■ **WHAT THE TASK REQUIRES**: What you need to produce is the complete listing, repeated exactly.

■ **SUPPLIED MATERIAL**:
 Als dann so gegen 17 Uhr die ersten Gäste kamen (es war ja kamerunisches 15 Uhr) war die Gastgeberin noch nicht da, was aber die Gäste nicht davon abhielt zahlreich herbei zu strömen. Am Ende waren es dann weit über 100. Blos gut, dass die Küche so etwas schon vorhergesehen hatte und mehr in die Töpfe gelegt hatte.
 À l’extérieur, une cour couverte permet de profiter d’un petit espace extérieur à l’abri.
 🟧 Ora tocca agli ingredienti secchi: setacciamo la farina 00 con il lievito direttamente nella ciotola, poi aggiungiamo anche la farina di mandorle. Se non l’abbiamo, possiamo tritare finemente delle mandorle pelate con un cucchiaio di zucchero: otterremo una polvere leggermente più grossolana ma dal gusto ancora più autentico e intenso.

■ **EXERCISE OUTPUT**:
 Als dann so gegen 17 Uhr die ersten Gäste kamen (es war ja kamerunisches 15 Uhr) war die Gastgeberin noch nicht da, was aber die Gäste nicht davon abhielt zahlreich herbei zu strömen. Am Ende waren es dann weit über 100. Blos gut, dass die Küche so etwas schon vorhergesehen hatte und mehr in die Töpfe gelegt hatte.
 À l’extérieur, une cour couverte permet de profiter d’un petit espace extérieur à l’abri.
 🟧 Ora tocca agli ingredienti secchi: setacciamo la farina 00 con il lievito direttamente nella ciotola, poi aggiungiamo anche la farina di mandorle. Se non l’abbiamo, possiamo tritare finemente delle mandorle pelate con un cucchiaio di zucchero: otterremo una polvere leggermente più grossolana ma dal gusto ancora più autentico e intenso.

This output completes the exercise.